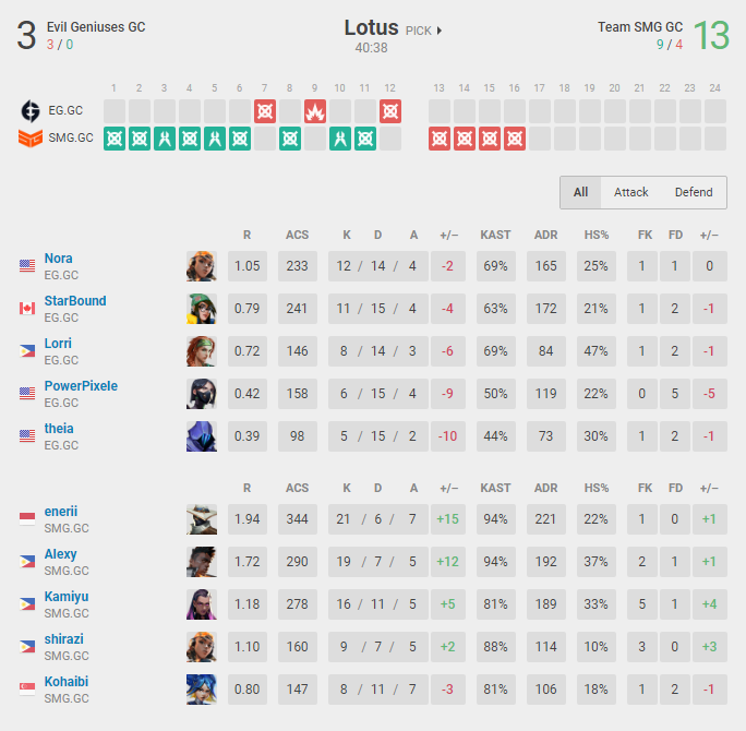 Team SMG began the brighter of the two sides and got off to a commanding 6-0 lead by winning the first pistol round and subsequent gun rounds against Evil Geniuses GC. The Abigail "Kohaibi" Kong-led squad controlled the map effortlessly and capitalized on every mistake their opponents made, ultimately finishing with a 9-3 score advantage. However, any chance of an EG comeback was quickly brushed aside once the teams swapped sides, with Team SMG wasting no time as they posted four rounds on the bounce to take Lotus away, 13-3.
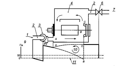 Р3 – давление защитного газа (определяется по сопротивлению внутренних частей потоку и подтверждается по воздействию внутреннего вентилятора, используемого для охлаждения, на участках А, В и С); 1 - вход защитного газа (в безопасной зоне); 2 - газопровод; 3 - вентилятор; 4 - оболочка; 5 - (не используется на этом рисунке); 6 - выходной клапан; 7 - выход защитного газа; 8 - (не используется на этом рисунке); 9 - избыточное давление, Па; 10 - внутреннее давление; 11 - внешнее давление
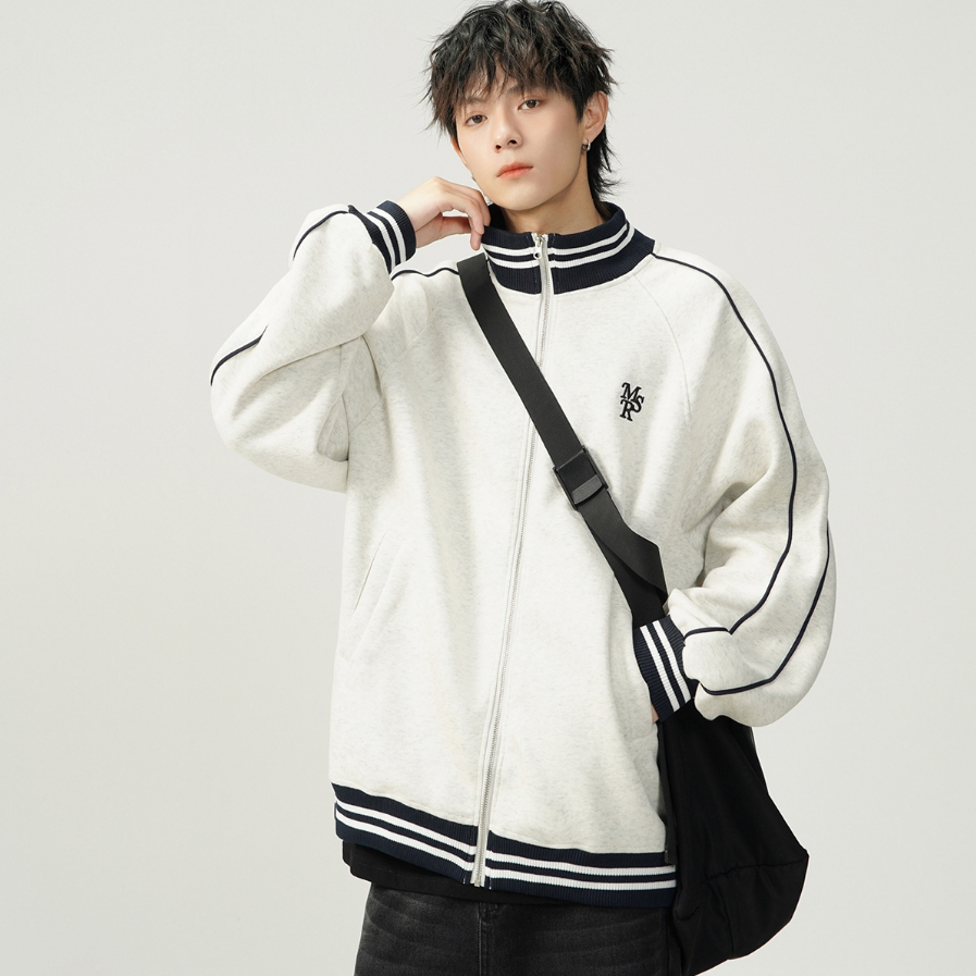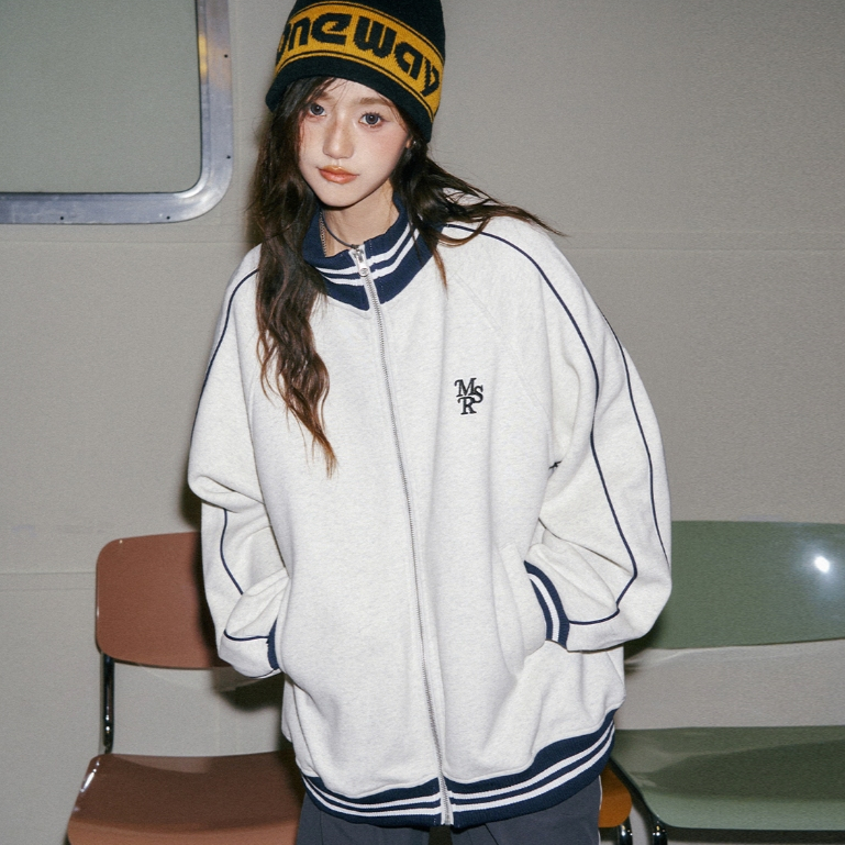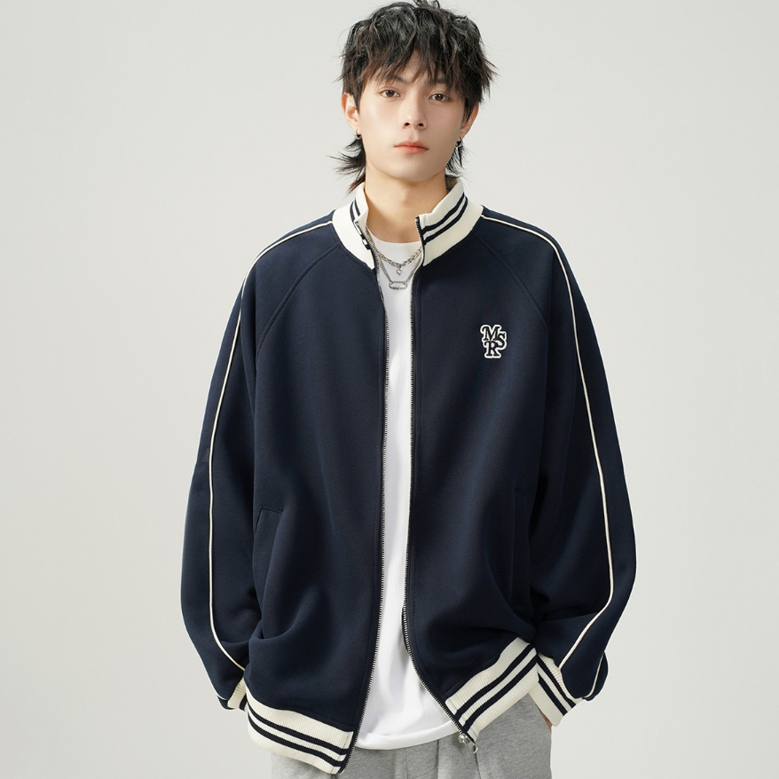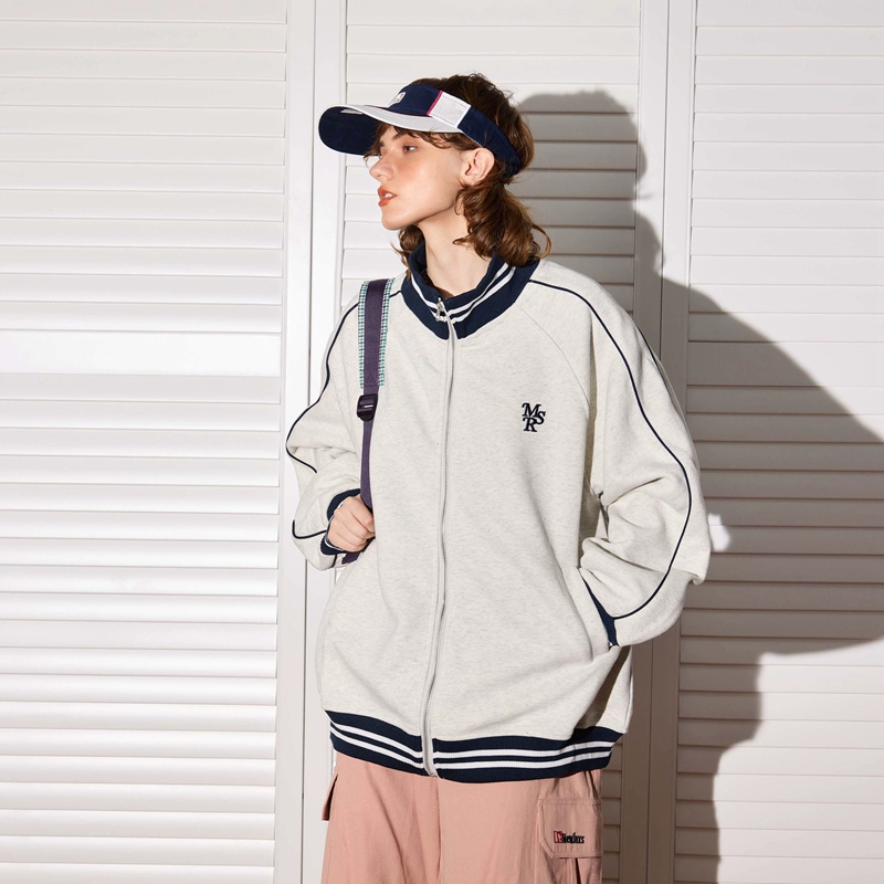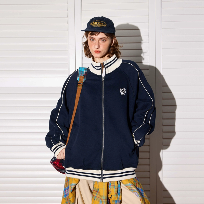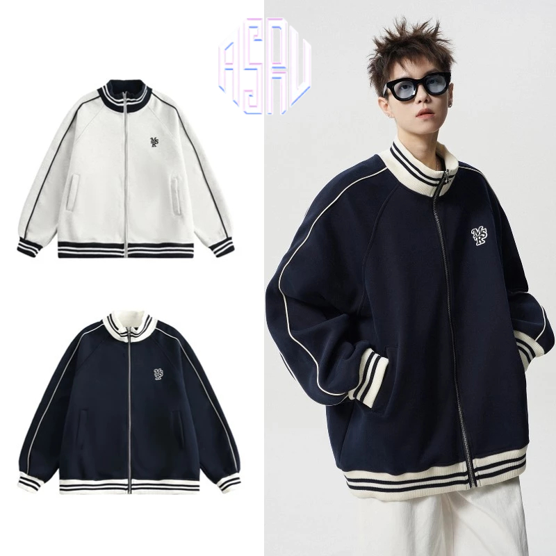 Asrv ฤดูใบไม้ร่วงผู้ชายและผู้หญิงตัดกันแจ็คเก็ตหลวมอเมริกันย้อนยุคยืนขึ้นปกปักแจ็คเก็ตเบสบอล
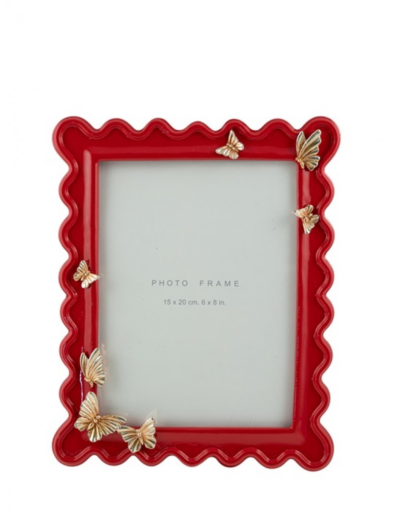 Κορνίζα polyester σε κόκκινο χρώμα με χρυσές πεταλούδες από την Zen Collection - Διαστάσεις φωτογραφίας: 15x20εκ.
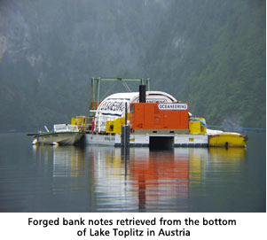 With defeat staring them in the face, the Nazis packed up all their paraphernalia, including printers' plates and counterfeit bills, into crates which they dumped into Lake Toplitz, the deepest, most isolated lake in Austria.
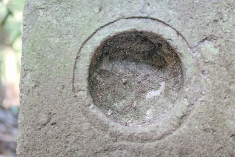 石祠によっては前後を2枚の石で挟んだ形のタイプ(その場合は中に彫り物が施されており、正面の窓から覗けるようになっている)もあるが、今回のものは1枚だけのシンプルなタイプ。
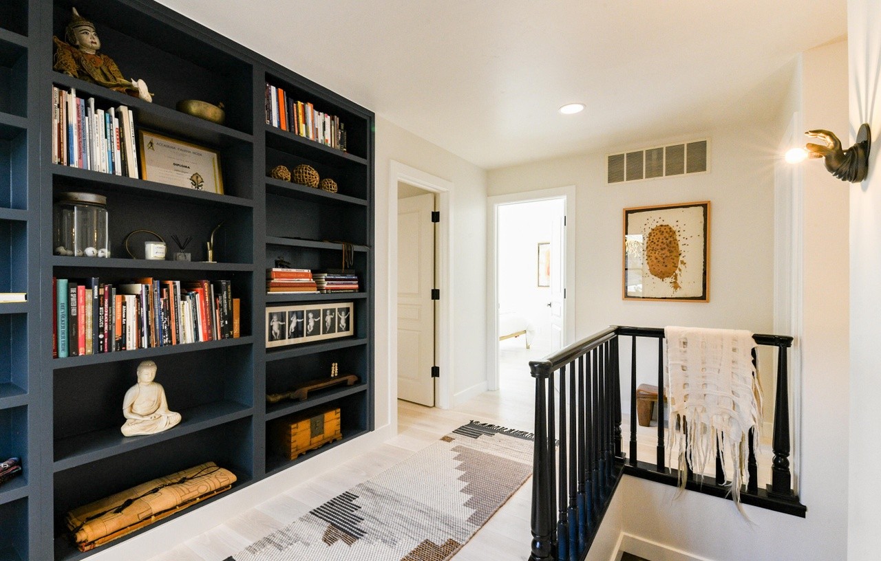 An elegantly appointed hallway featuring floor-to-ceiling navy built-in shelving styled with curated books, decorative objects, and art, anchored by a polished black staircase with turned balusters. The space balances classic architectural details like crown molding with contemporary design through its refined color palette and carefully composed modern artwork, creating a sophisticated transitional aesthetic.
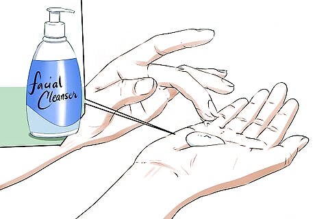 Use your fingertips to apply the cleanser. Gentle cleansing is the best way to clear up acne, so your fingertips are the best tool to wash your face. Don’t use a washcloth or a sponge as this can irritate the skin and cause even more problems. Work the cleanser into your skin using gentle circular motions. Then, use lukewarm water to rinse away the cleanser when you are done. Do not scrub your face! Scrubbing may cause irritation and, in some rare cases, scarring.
__________
Output each entry exactly. Skip the pictures.

- [Exercise answer]
 Team SMG began the brighter of the two sides and got off to a commanding 6-0 lead by winning the first pistol round and subsequent gun rounds against Evil Geniuses GC. The Abigail "Kohaibi" Kong-led squad controlled the map effortlessly and capitalized on every mistake their opponents made, ultimately finishing with a 9-3 score advantage. However, any chance of an EG comeback was quickly brushed aside once the teams swapped sides, with Team SMG wasting no time as they posted four rounds on the bounce to take Lotus away, 13-3.
 Р3 – давление защитного газа (определяется по сопротивлению внутренних частей потоку и подтверждается по воздействию внутреннего вентилятора, используемого для охлаждения, на участках А, В и С); 1 - вход защитного газа (в безопасной зоне); 2 - газопровод; 3 - вентилятор; 4 - оболочка; 5 - (не используется на этом рисунке); 6 - выходной клапан; 7 - выход защитного газа; 8 - (не используется на этом рисунке); 9 - избыточное давление, Па; 10 - внутреннее давление; 11 - внешнее давление
 Asrv ฤดูใบไม้ร่วงผู้ชายและผู้หญิงตัดกันแจ็คเก็ตหลวมอเมริกันย้อนยุคยืนขึ้นปกปักแจ็คเก็ตเบสบอล
 Κορνίζα polyester σε κόκκινο χρώμα με χρυσές πεταλούδες από την Zen Collection - Διαστάσεις φωτογραφίας: 15x20εκ.
 With defeat staring them in the face, the Nazis packed up all their paraphernalia, including printers' plates and counterfeit bills, into crates which they dumped into Lake Toplitz, the deepest, most isolated lake in Austria.
 石祠によっては前後を2枚の石で挟んだ形のタイプ(その場合は中に彫り物が施されており、正面の窓から覗けるようになっている)もあるが、今回のものは1枚だけのシンプルなタイプ。
 An elegantly appointed hallway featuring floor-to-ceiling navy built-in shelving styled with curated books, decorative objects, and art, anchored by a polished black staircase with turned balusters. The space balances classic architectural details like crown molding with contemporary design through its refined color palette and carefully composed modern artwork, creating a sophisticated transitional aesthetic.
 Use your fingertips to apply the cleanser. Gentle cleansing is the best way to clear up acne, so your fingertips are the best tool to wash your face. Don’t use a washcloth or a sponge as this can irritate the skin and cause even more problems. Work the cleanser into your skin using gentle circular motions. Then, use lukewarm water to rinse away the cleanser when you are done. Do not scrub your face! Scrubbing may cause irritation and, in some rare cases, scarring.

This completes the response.